Yechezkel Rabinovich 00:17:51 And we mapped those monitors and dashboards according to the data that we saw. What we missed is that at the same time we had the same service running on an older version with a different structure of logs. So, we basically got tricked by different versions of that service and we missed some observability transformations that caused to some dashboards not to load or we, we were missing data in a way. The data was there, but not in the structure and form that we expected it to be. The good thing is that this team was very, very engaged and they knew exactly what they’re looking for and they proved us, show us this is the dashboard. We only see half of the data and we’re like, okay, let’s dive and see the actual raw data. And once we did that, we realized they had so many transformations happening in so many places, but we’ll learn from this experience and now our inspection on the data is so much better thanks to that specific case. I really like those cases where we’ll learn from our customers new things that we can leverage and share with our new customers basically that enjoy the hard work.
Brijesh Ammanath 00:19:02 Yeah, it just brings out the complexity of the migration task and the challenges around it. How do you suggest migration workflows can be reframed to reduce fear?
Yechezkel Rabinovich 00:19:14 That’s a question we are dealing with a lot. We had a few analogies that we started when we started, we tried to give the notion of moving an apartment, right? So, you can think about it as a chore, but you can also think about it like a new start, right? So, I donít know about you, but when I move an apartment, I try to sort things and maybe reorganize it in a new way that is actually better that I always wanted to do, but I never had a chance. I also take the time and rethink if those items that I’ve been kept for seven, 10 years and never touched, do I need it? Maybe I don’t anymore. So, moving an apartment was one analogy that we played with. Another one was, like a quest, right? So, like an adventure that you explore.
Yechezkel Rabinovich 00:20:03 So imagine people with a torch going into a cave or like into the forest and basically discovering data that they didn’t know about or dashboard that they don’t know about that they don’t even work. Because we’re seeing customers having dashboards that don’t work in their legacy vendor, and they don’t know it’s not working. So, when they migrate, they expect it to work but it didnít work anyway and it’s our responsibility to prove it or just explain it, right? So, you can think about it like a quest that you discover things, and you always get surprised. Some of us think about it, it’s like a moving bank, right? Something that sounds very scary, but then you think about it, wait, I can just transfer my credit card, and all the commitments I have, but it’s still very, very scary.

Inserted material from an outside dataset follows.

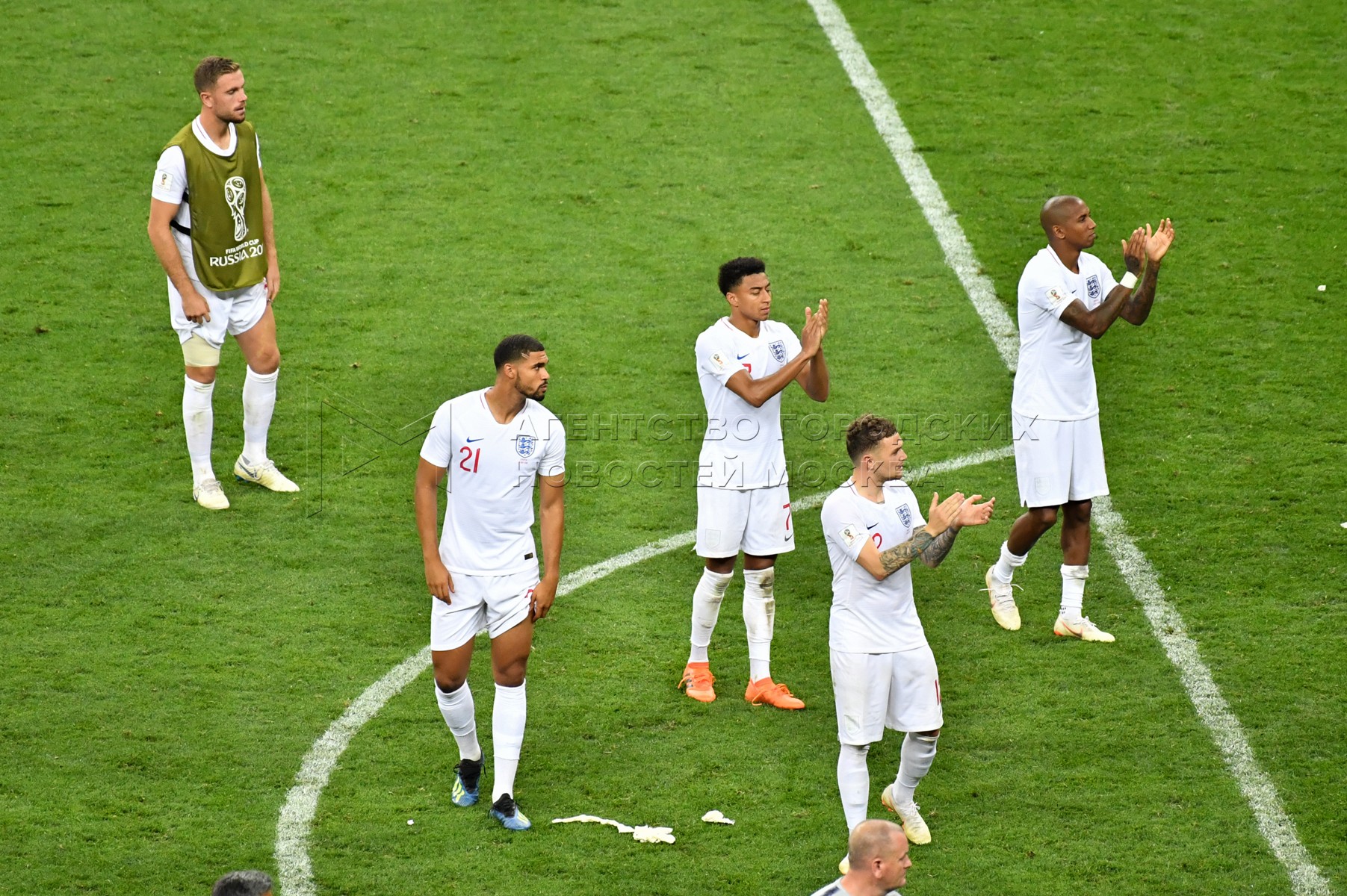 Игроки сборной Англии после окончания матча ЧМ-2018 между сборными Хорватии и Анг...

Yechezkel Rabinovich 00:20:54 You need someone to help you and guide you on this process, but you know it’s feasible. You know it’s been done before a lot and I think that’s one of the narratives that we’re trying to change and basically say telling you, we’re not saying it’s easy, we’re not saying it’s not scary. We’re saying that we spent a lot of time and work to make this process very, very effective. And that’s what we do. And the data is there, and we will get you through it. So, you can count on us to tell you not just what passed, also what failed. And that’s our responsibility to tell you those dashboards are broken, let’s fix it together. Those dashboards are broken. It’s not just tick we finished. Now you deal with the dashboards that are not working. It’s like us together trying to understand how we can fix this dashboard.
Brijesh Ammanath 00:21:42 Now that we have covered why firms want to migrate from their legacy observability stack, what are the challenges they face and approaches that could be taken for the migration? I want to touch on the next section, which is around the frameworks available and one of the most well-known frameworks is open telemetry. Can you start off by explaining to our listeners what is open telemetry?
Yechezkel Rabinovich 00:22:04 Yeah, sure. Open telemetry is a set of definitions and schemas that represent observability signals. Open telemetry also goes further and actually have the implementation. But the basic is the semantics is basically to agree between all people about what is a trace, what is a log, how do we describe a metric? And then the project itself continues and also implement a lot of SDKs and binaries that handling observability data. So, you can think about the Otel Collector as an implementation of those semantics. You also have the OTel SDK, basically those SDKs are the framework, the runtime that you use in order to generate those signals, those observability signals. That’s an open-source project that it’s being heavily focused on from the CNCF and is getting a lot of traction in the last maybe five, seven years. This is the main open-source approach that we are seeing today.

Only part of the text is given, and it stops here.